Three layers of Java I/O
Pick the API that matches your abstraction: byte/char streams for simple pipelines,
channels and buffers when you need non-blocking or memory-mapped I/O,
Path/Files for filesystem operations without legacy File.
| API | Package | Best for |
|---|---|---|
| Classic I/O | java.io | Teaching, legacy libs, simple read/write, decorators |
| NIO | java.nio | Sockets, high concurrency, direct buffers, selectors |
| NIO.2 | java.nio.file | Paths, copy/move, directory walks, watch folders |
Modern application code often combines NIO.2 for files with HTTP/gRPC clients for network I/O—raw socket code is rarer but still appears in agents, games, and custom protocols.
Prefer try-with-resources on every Closeable—streams, readers, channels, and Stream<Path> from Files.walk must be closed to avoid descriptor leaks.
Classic I/O (java.io)
Stream-oriented I/O: read/write one byte or char at a time (or in chunks via decorators).

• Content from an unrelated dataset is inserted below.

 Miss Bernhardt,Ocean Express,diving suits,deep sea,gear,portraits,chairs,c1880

Everything is blocking unless you layer NIO underneath.
Stream hierarchy — bytes vs characters
Byte streams (InputStream / OutputStream) move raw 8-bit data—files, sockets, images, compressed bytes.

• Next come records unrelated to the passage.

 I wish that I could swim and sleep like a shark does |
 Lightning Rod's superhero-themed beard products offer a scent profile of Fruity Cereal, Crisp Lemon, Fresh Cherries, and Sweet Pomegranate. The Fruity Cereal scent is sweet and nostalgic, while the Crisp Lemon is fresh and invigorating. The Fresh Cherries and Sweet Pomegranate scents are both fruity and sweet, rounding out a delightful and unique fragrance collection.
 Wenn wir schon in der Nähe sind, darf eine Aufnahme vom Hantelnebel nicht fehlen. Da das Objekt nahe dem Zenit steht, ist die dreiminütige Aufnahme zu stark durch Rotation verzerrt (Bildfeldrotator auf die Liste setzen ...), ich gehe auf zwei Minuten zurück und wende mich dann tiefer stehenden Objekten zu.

Character streams (Reader / Writer) handle 16-bit UTF-16 units and apply charset encoding/decoding at the boundary.
Use byte streams for binary payloads; use character streams for text when you know the charset (always specify StandardCharsets.UTF_8—never rely on platform default).

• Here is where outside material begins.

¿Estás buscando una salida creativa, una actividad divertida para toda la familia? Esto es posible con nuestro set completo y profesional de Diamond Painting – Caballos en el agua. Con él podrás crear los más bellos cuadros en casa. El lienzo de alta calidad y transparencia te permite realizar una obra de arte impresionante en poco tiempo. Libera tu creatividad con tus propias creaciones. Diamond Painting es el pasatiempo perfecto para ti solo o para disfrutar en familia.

InputStream ──► FileInputStream, Socket.getInputStream(), FilterInputStream
└── BufferedInputStream, DataInputStream, ObjectInputStream
Reader ──► InputStreamReader (bytes → chars), FileReader*, BufferedReader
* FileReader uses default charset — prefer Files.newBufferedReader(path, UTF_8)
Bridge with InputStreamReader / OutputStreamWriter when a library only exposes byte streams but you need text.
Decorators stack on streams—see Design Patterns: Decorator for the I/O pipeline mental model.
BufferedReader and BufferedWriter — why buffering matters
Each unbuffered read() can syscall into the OS—expensive for line-oriented text or many small writes.
BufferedReader fills an internal char array (default 8K) and serves reads from memory; readLine() scans for \n without per-character syscalls.
Rule of thumb: wrap any bare FileReader or InputStreamReader in BufferedReader unless you read large known-size blocks yourself.
try (var reader = new BufferedReader(
new InputStreamReader(Files.newInputStream(path), StandardCharsets.UTF_8))) {
String line;
while ((line = reader.readLine()) != null) {
process(line);
}
}
FileInputStream, FileOutputStream, FileReader, FileWriter
FileInputStream / FileOutputStream read/write bytes to a path string or File.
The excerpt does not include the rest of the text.